**EXERCISE DIRECTIONS:** How do the lines below between the ones holding "Serene, surrounded by" and "Welcome to Thanh", inclusive, read? Give them again exactly, with no other lines.

**GIVEN DATA:**
Segment Open

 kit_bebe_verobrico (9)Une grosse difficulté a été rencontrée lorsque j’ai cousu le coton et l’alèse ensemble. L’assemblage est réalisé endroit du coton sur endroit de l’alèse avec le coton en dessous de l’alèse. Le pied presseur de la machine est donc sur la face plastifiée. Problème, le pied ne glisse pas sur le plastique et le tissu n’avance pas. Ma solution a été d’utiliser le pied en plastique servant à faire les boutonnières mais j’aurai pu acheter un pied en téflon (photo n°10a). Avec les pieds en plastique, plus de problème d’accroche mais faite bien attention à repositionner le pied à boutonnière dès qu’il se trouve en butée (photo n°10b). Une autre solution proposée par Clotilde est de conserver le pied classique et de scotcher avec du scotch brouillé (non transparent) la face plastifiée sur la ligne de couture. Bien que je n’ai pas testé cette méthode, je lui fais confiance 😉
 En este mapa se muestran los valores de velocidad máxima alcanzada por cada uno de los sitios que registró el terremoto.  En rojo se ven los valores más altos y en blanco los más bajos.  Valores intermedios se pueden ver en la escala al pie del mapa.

Segment Closed
Segment Open

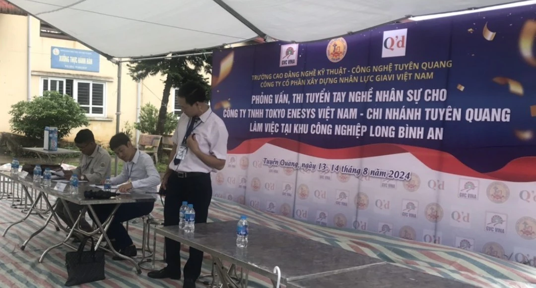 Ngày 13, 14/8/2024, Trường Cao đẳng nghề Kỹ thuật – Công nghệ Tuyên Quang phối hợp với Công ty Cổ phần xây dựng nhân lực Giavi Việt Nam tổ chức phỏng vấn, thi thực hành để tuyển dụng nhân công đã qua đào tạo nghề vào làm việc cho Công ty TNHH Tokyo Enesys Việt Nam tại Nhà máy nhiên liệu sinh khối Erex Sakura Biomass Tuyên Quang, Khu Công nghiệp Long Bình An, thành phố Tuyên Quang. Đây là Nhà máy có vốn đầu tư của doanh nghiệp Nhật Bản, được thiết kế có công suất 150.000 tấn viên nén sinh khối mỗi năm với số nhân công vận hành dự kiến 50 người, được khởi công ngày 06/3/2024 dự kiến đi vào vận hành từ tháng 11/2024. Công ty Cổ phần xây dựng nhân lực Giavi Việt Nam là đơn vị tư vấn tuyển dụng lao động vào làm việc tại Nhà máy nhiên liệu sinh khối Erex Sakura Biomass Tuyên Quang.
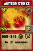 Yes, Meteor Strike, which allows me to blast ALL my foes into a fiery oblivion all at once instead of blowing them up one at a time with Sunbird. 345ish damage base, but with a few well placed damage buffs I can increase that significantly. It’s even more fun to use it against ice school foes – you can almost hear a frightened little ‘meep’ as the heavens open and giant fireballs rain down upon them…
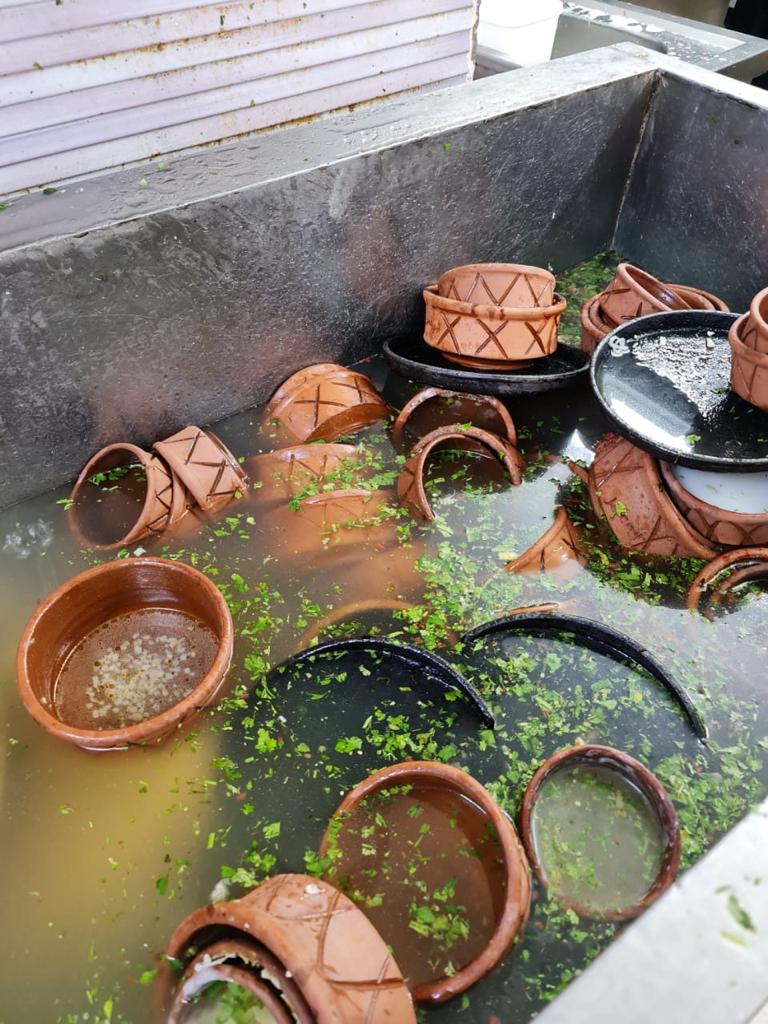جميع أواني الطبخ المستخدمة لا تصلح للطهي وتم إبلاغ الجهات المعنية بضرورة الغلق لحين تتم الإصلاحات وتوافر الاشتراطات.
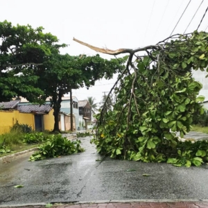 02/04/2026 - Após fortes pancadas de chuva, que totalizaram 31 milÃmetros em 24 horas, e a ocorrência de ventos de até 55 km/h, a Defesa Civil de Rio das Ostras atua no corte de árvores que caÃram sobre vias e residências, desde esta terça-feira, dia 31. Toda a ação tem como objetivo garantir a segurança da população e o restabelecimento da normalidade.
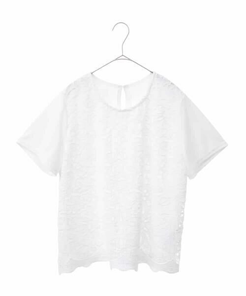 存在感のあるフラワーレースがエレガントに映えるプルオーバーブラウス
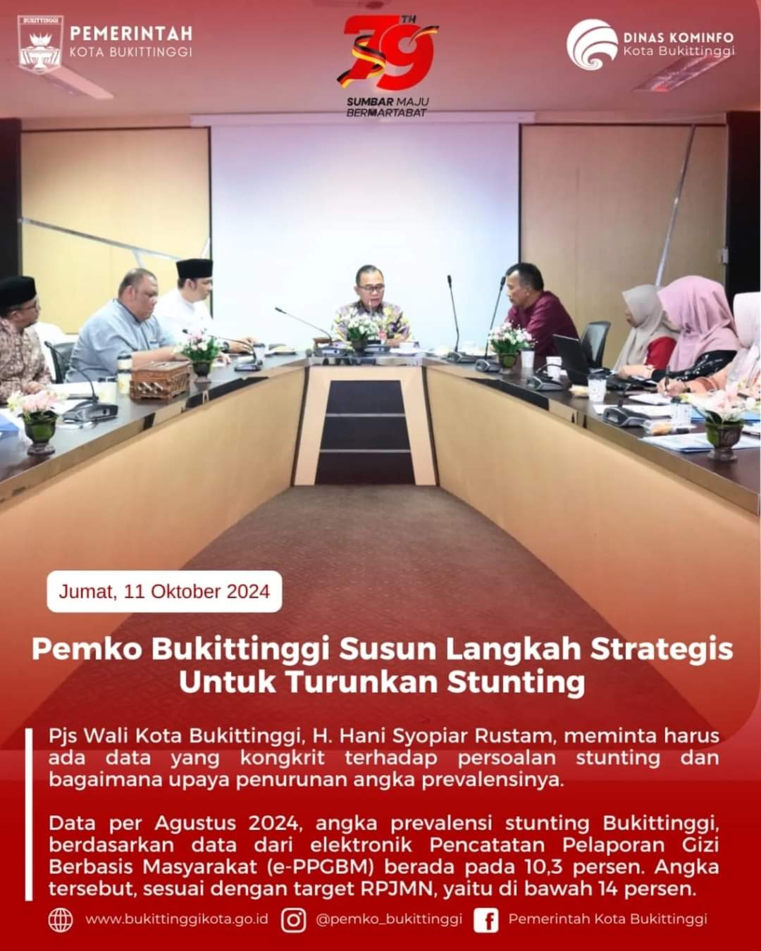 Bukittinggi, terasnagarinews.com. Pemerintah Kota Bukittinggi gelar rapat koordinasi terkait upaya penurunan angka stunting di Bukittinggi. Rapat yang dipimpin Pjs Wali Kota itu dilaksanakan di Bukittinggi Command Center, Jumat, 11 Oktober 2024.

Segment Closed
Segment Open

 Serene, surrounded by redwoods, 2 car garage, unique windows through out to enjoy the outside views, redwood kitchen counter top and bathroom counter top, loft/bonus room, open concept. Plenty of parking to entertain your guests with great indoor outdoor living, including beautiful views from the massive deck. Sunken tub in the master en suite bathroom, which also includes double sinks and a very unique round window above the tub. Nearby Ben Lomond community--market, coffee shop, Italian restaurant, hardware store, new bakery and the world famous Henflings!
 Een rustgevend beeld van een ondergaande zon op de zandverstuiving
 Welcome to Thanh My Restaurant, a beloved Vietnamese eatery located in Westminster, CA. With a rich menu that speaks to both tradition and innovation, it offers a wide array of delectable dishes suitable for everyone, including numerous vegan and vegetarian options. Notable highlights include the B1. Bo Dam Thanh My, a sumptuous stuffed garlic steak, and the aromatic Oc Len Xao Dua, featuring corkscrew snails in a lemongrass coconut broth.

Segment Closed

**ANSWER:**
 Serene, surrounded by redwoods, 2 car garage, unique windows through out to enjoy the outside views, redwood kitchen counter top and bathroom counter top, loft/bonus room, open concept. Plenty of parking to entertain your guests with great indoor outdoor living, including beautiful views from the massive deck. Sunken tub in the master en suite bathroom, which also includes double sinks and a very unique round window above the tub. Nearby Ben Lomond community--market, coffee shop, Italian restaurant, hardware store, new bakery and the world famous Henflings!
 Een rustgevend beeld van een ondergaande zon op de zandverstuiving
 Welcome to Thanh My Restaurant, a beloved Vietnamese eatery located in Westminster, CA. With a rich menu that speaks to both tradition and innovation, it offers a wide array of delectable dishes suitable for everyone, including numerous vegan and vegetarian options. Notable highlights include the B1. Bo Dam Thanh My, a sumptuous stuffed garlic steak, and the aromatic Oc Len Xao Dua, featuring corkscrew snails in a lemongrass coconut broth.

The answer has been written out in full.